=== Section Start ===

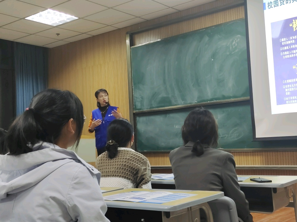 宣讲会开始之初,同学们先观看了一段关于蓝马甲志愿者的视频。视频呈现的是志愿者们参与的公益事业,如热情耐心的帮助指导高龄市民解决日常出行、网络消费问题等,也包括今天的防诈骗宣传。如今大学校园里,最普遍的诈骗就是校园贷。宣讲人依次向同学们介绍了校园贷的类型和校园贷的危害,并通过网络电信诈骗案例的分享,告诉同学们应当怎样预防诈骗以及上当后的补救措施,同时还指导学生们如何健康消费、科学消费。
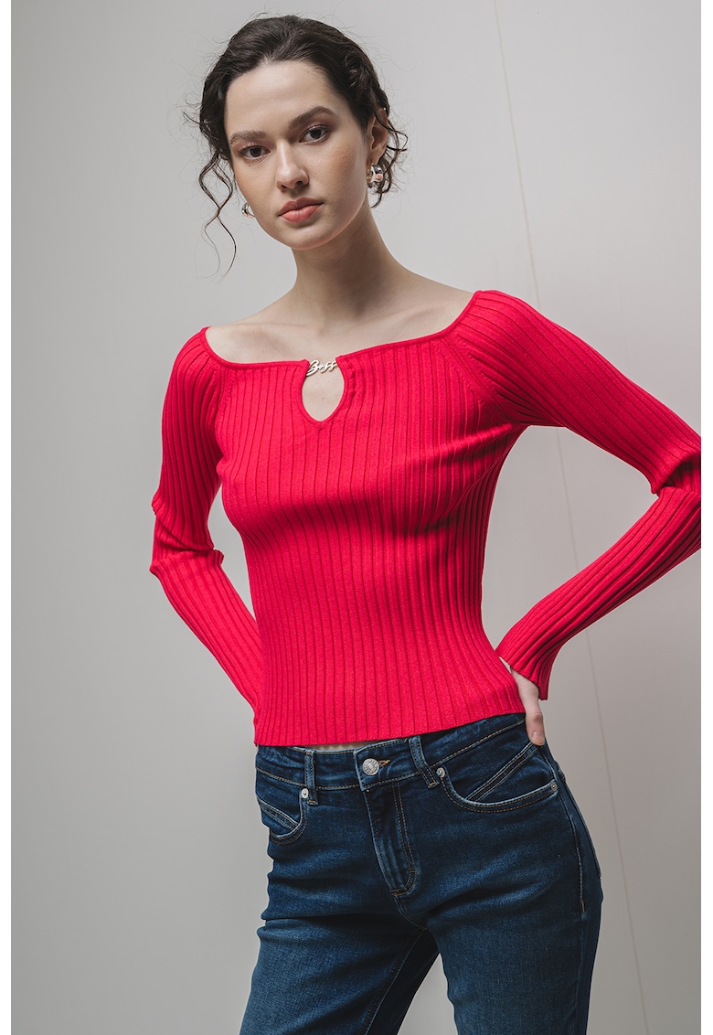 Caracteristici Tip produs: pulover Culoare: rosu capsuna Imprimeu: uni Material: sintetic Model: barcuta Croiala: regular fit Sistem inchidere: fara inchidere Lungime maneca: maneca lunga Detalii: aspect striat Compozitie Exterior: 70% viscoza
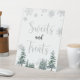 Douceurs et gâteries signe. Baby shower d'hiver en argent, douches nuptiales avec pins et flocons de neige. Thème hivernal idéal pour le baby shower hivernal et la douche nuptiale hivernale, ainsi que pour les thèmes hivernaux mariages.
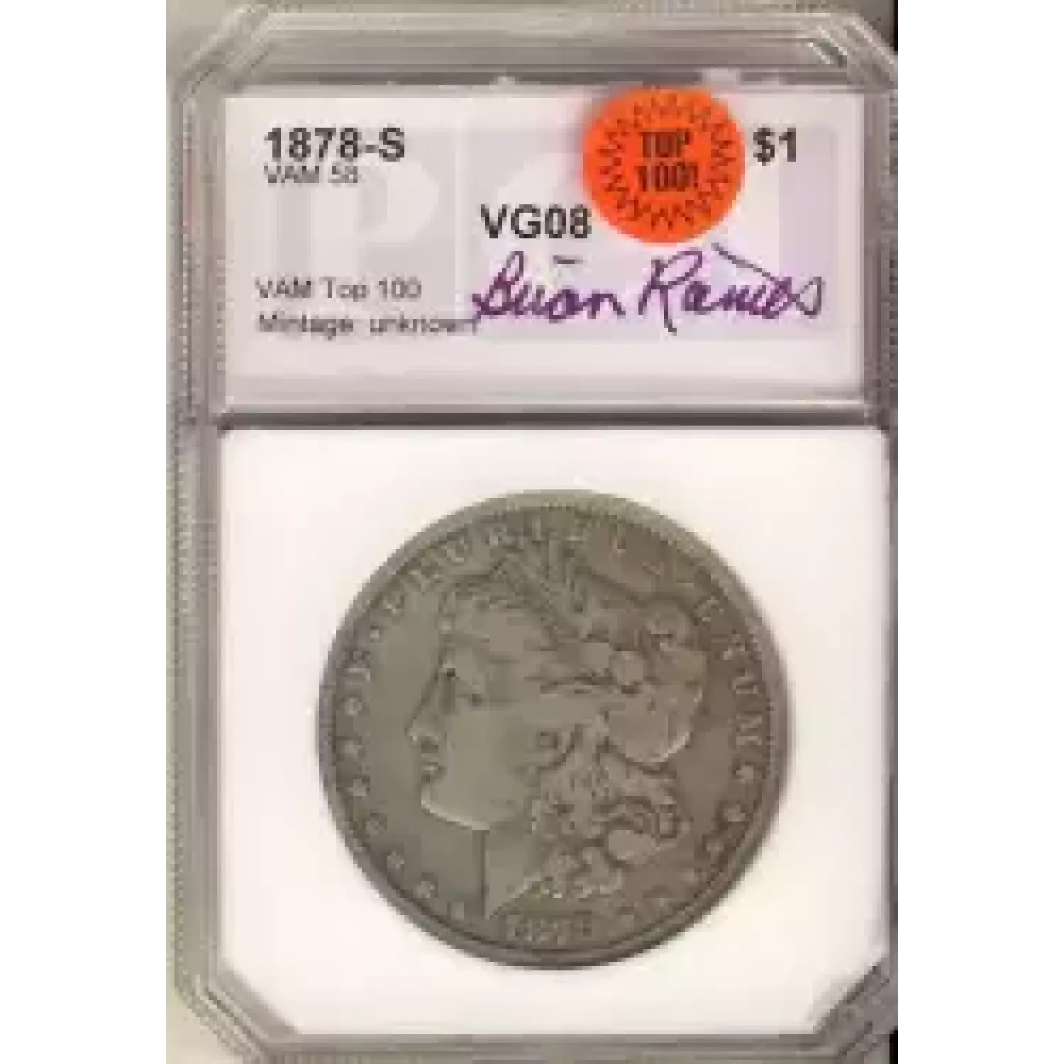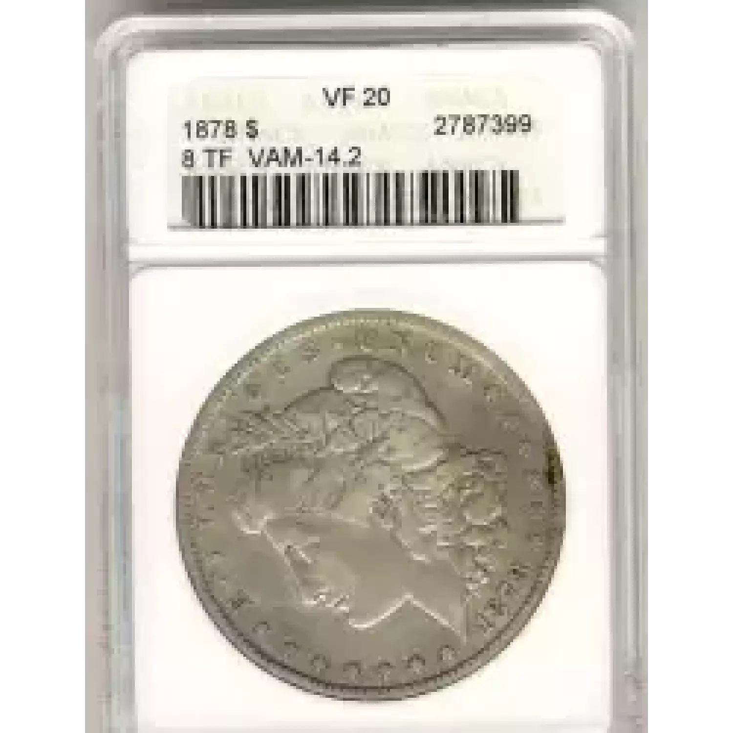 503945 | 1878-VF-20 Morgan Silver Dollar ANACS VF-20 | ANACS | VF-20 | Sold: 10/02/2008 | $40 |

=== Section End ===

Repeat the lines above exactly, and keep every picture out.

 宣讲会开始之初,同学们先观看了一段关于蓝马甲志愿者的视频。视频呈现的是志愿者们参与的公益事业,如热情耐心的帮助指导高龄市民解决日常出行、网络消费问题等,也包括今天的防诈骗宣传。如今大学校园里,最普遍的诈骗就是校园贷。宣讲人依次向同学们介绍了校园贷的类型和校园贷的危害,并通过网络电信诈骗案例的分享,告诉同学们应当怎样预防诈骗以及上当后的补救措施,同时还指导学生们如何健康消费、科学消费。
 Caracteristici Tip produs: pulover Culoare: rosu capsuna Imprimeu: uni Material: sintetic Model: barcuta Croiala: regular fit Sistem inchidere: fara inchidere Lungime maneca: maneca lunga Detalii: aspect striat Compozitie Exterior: 70% viscoza
 Douceurs et gâteries signe. Baby shower d'hiver en argent, douches nuptiales avec pins et flocons de neige. Thème hivernal idéal pour le baby shower hivernal et la douche nuptiale hivernale, ainsi que pour les thèmes hivernaux mariages.
 503945 | 1878-VF-20 Morgan Silver Dollar ANACS VF-20 | ANACS | VF-20 | Sold: 10/02/2008 | $40 |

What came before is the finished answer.